• _PROBLEM TO SOLVE_: What you produce should be an exact transcription of the data, minus any pictures.

• _Data excerpts_:
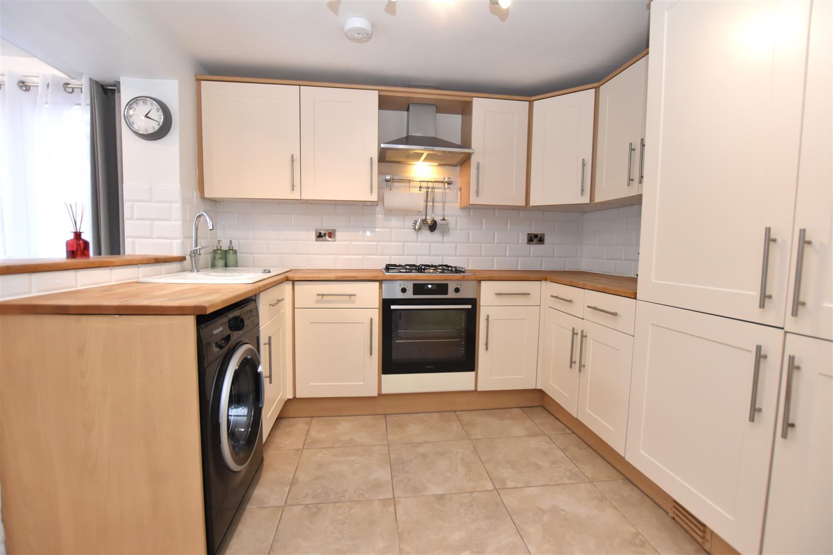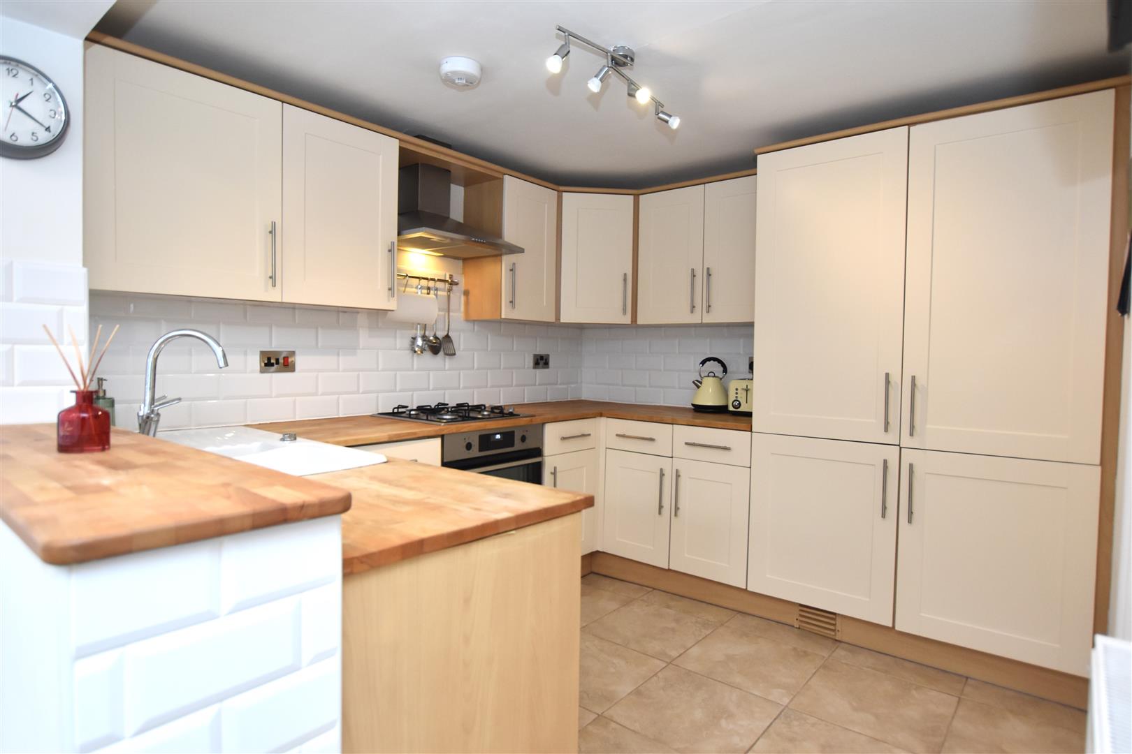 Appointed to an excellent standard with a range of cream shaker style base and wall cupboards complimented by wood block work surfaces incorporating a 1 ½ bowl ceramic sink unit with mixer tap, four ring gas hob with oven below and stainless steel extractor hood above, integrated fridge freezer, plumbing for automatic washing machine, white brick shaped wall tiles to work surface areas, radiator and an internal door into the lounge.
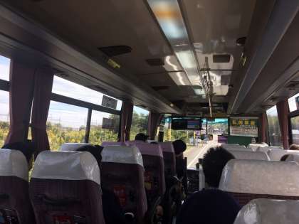 志摩磯部からシャトルバスで志摩スペイン村に向かいます。みんなお行儀よく乗車しています。
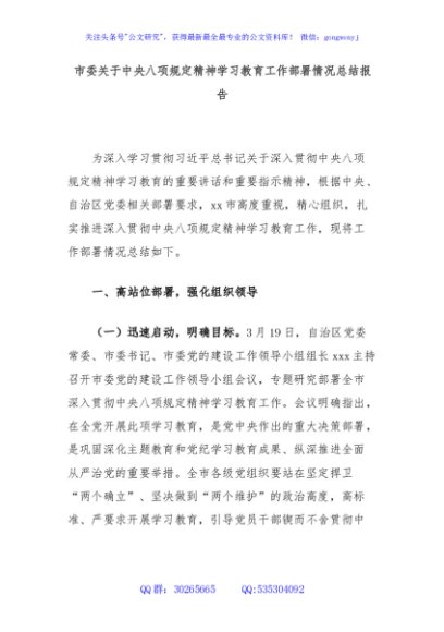 / 市委关于中央八项规定精神学习教育工作部署情况总结报告
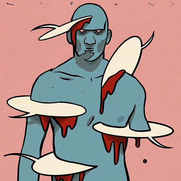 Per citare Bukowsky potrei dire che “la gente è il più grande spettacolo del mondo“. Mi interessa l’osservazione del comportamento umano, sia del singolo che delle masse. L’antropologia, la sociologia, la psicologia, le emozioni sono state spesso alla base della mia ricerca artistica, precedente e contemporanea alla carriera nel mondo del fumetto. Nelle illustrazioni che pubblico online traduco visioni che precedentemente avrei sviluppato in scultura, in pittura o con una qualsiasi delle modalità dell’arte.
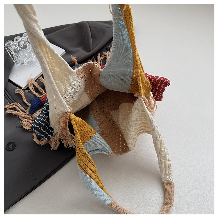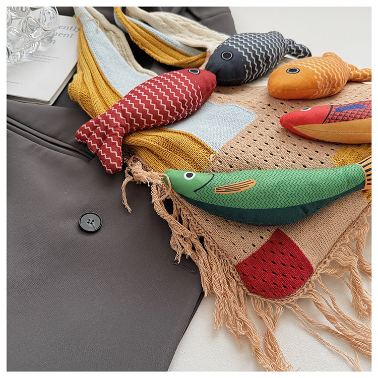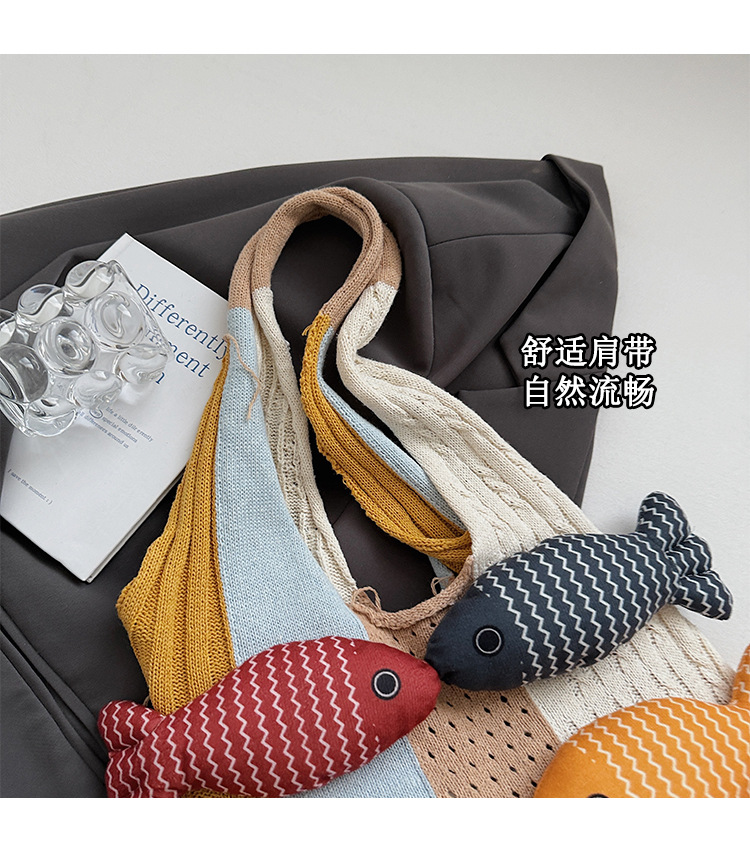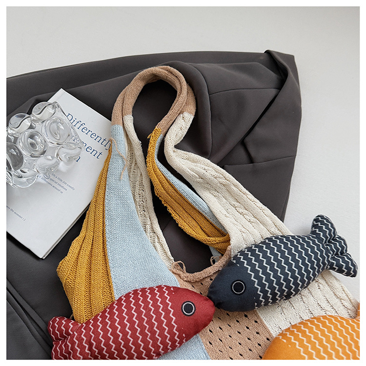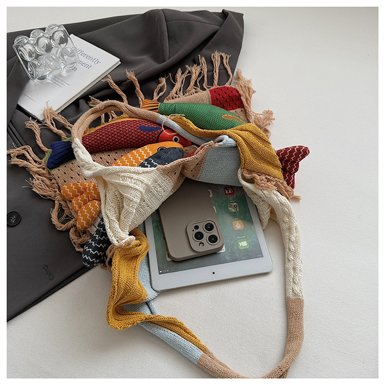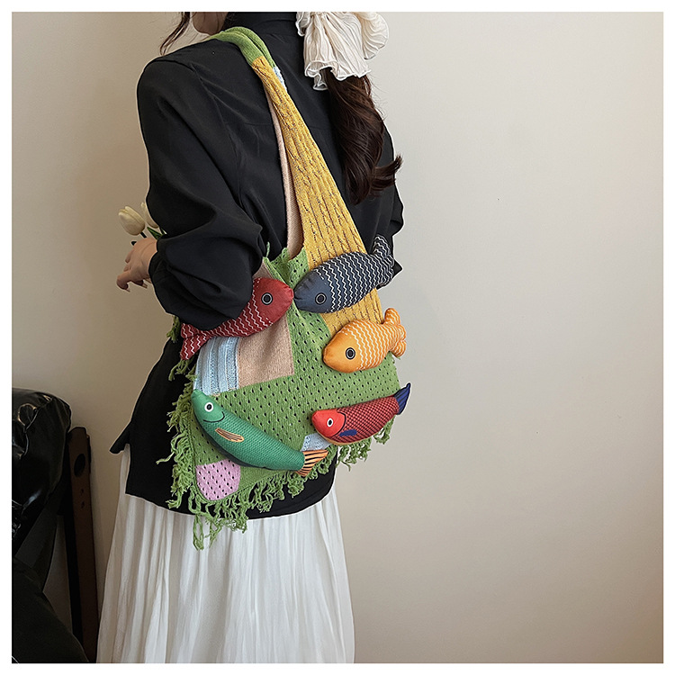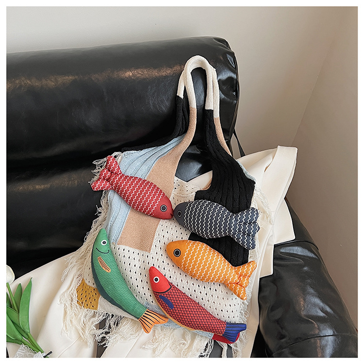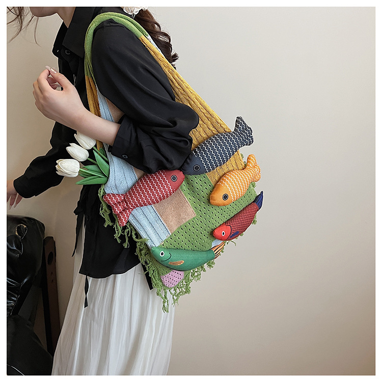 개성있는 디자인의 토트백, 레이지 스타일의 니트 핸드백, 물고기가 많아요, 대용량 손으로 짠 여성용 숄더백
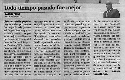 ¿Fue entonces un pasado mejor? Tal vez lo único real de ese pasado mejor es que vivíamos menos agobiados por un entorno en donde ocurrían sucesos y no nos enterábamos al instante y lo que conocíamos era la interpretación de alguien.
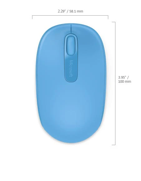 Microsoft 1850. Fattore di forma: Ambidestro. Tecnologia di rilevamento del movimento: Ottico, Interfaccia dispositivo: RF Wireless, Risoluzione movimento: 1000 DPI, Tipo di pulsanti: Tasti premuti, Numero di tasti: 3, Tipo di scorimmento: Rotella. Alimentazione: Batterie. Colore del prodotto: Ciano
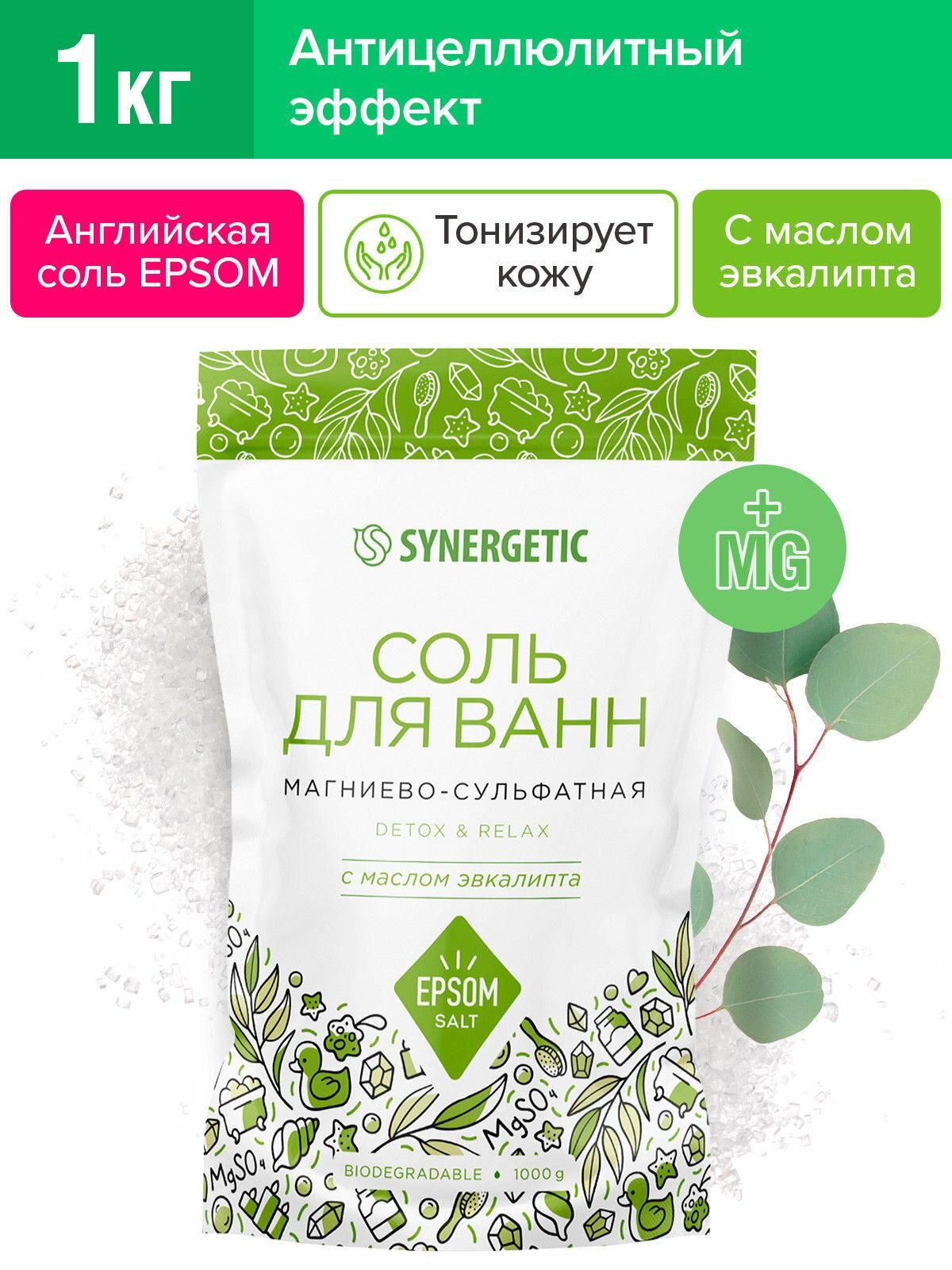 Соль для ванн магниево-сульфатная с маслом эвкалипта SYNERGETIC интересное:

• _TASK ANSWER_:
 Appointed to an excellent standard with a range of cream shaker style base and wall cupboards complimented by wood block work surfaces incorporating a 1 ½ bowl ceramic sink unit with mixer tap, four ring gas hob with oven below and stainless steel extractor hood above, integrated fridge freezer, plumbing for automatic washing machine, white brick shaped wall tiles to work surface areas, radiator and an internal door into the lounge.
 志摩磯部からシャトルバスで志摩スペイン村に向かいます。みんなお行儀よく乗車しています。
 / 市委关于中央八项规定精神学习教育工作部署情况总结报告
 Per citare Bukowsky potrei dire che “la gente è il più grande spettacolo del mondo“. Mi interessa l’osservazione del comportamento umano, sia del singolo che delle masse. L’antropologia, la sociologia, la psicologia, le emozioni sono state spesso alla base della mia ricerca artistica, precedente e contemporanea alla carriera nel mondo del fumetto. Nelle illustrazioni che pubblico online traduco visioni che precedentemente avrei sviluppato in scultura, in pittura o con una qualsiasi delle modalità dell’arte.
 개성있는 디자인의 토트백, 레이지 스타일의 니트 핸드백, 물고기가 많아요, 대용량 손으로 짠 여성용 숄더백
 ¿Fue entonces un pasado mejor? Tal vez lo único real de ese pasado mejor es que vivíamos menos agobiados por un entorno en donde ocurrían sucesos y no nos enterábamos al instante y lo que conocíamos era la interpretación de alguien.
 Microsoft 1850. Fattore di forma: Ambidestro. Tecnologia di rilevamento del movimento: Ottico, Interfaccia dispositivo: RF Wireless, Risoluzione movimento: 1000 DPI, Tipo di pulsanti: Tasti premuti, Numero di tasti: 3, Tipo di scorimmento: Rotella. Alimentazione: Batterie. Colore del prodotto: Ciano
 Соль для ванн магниево-сульфатная с маслом эвкалипта SYNERGETIC интересное:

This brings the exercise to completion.